### [What needs to be done]
Copy out the listing in full, exactly as written, but not its pictures.

### [The data]
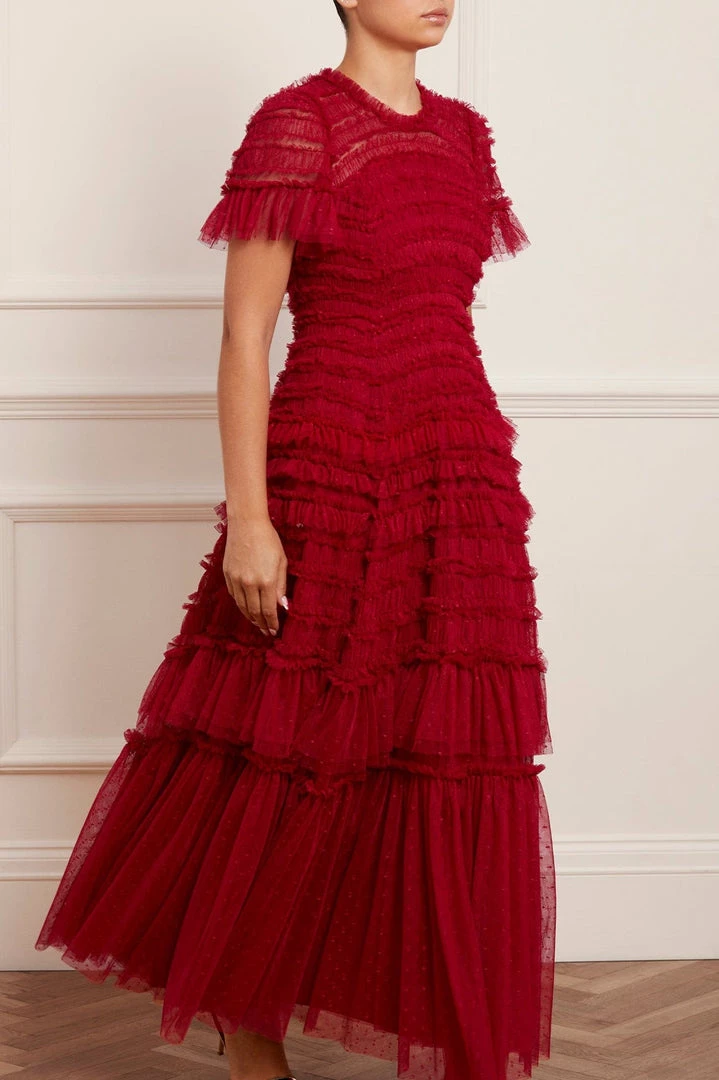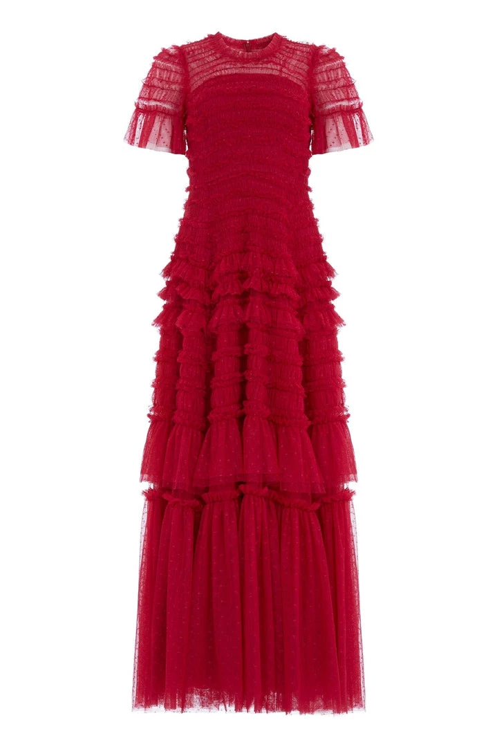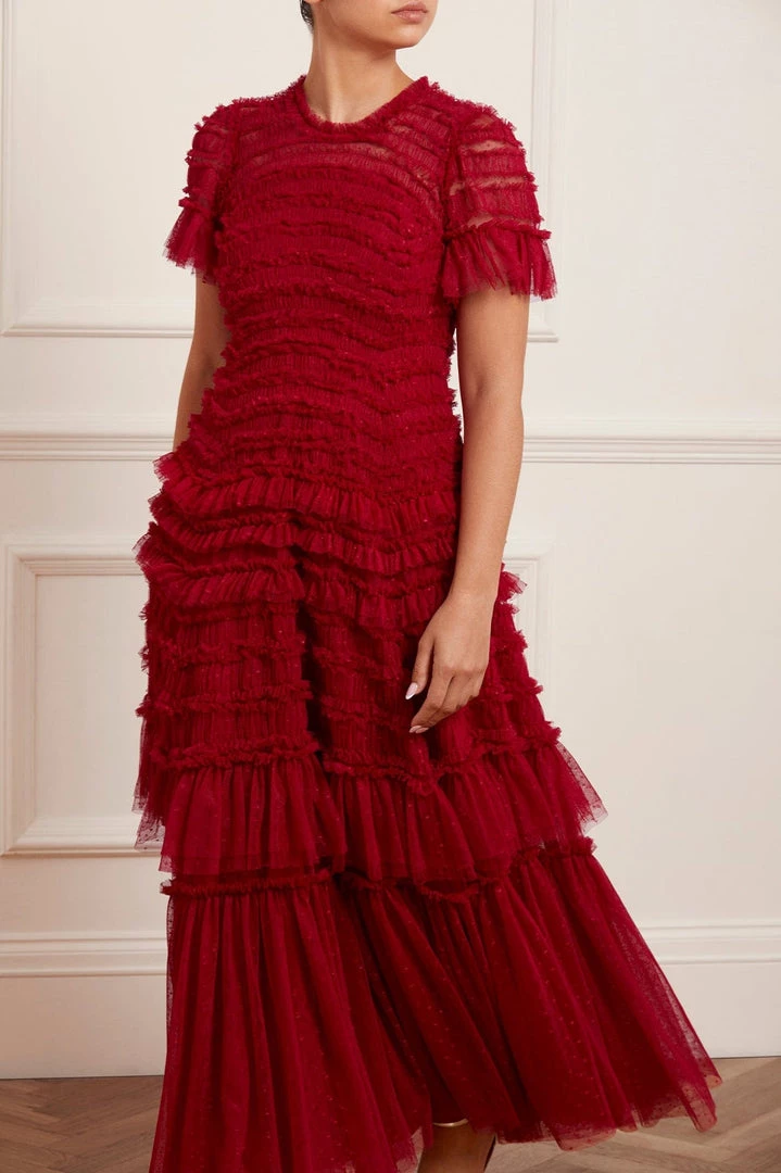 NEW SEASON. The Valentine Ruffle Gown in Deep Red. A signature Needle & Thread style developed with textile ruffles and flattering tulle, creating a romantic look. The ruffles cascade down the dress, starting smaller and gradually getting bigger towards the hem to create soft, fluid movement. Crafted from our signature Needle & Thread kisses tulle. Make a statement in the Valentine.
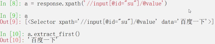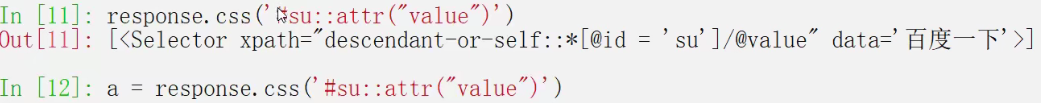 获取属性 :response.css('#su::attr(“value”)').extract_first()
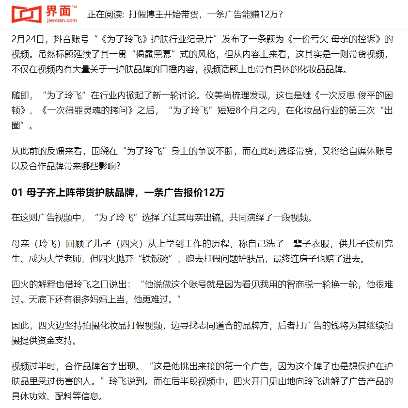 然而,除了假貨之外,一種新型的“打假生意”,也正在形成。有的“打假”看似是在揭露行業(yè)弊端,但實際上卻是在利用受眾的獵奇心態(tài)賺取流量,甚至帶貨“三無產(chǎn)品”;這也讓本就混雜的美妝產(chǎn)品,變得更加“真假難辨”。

### [Task solution]
 NEW SEASON. The Valentine Ruffle Gown in Deep Red. A signature Needle & Thread style developed with textile ruffles and flattering tulle, creating a romantic look. The ruffles cascade down the dress, starting smaller and gradually getting bigger towards the hem to create soft, fluid movement. Crafted from our signature Needle & Thread kisses tulle. Make a statement in the Valentine.
 获取属性 :response.css('#su::attr(“value”)').extract_first()
 然而,除了假貨之外,一種新型的“打假生意”,也正在形成。有的“打假”看似是在揭露行業(yè)弊端,但實際上卻是在利用受眾的獵奇心態(tài)賺取流量,甚至帶貨“三無產(chǎn)品”;這也讓本就混雜的美妝產(chǎn)品,變得更加“真假難辨”。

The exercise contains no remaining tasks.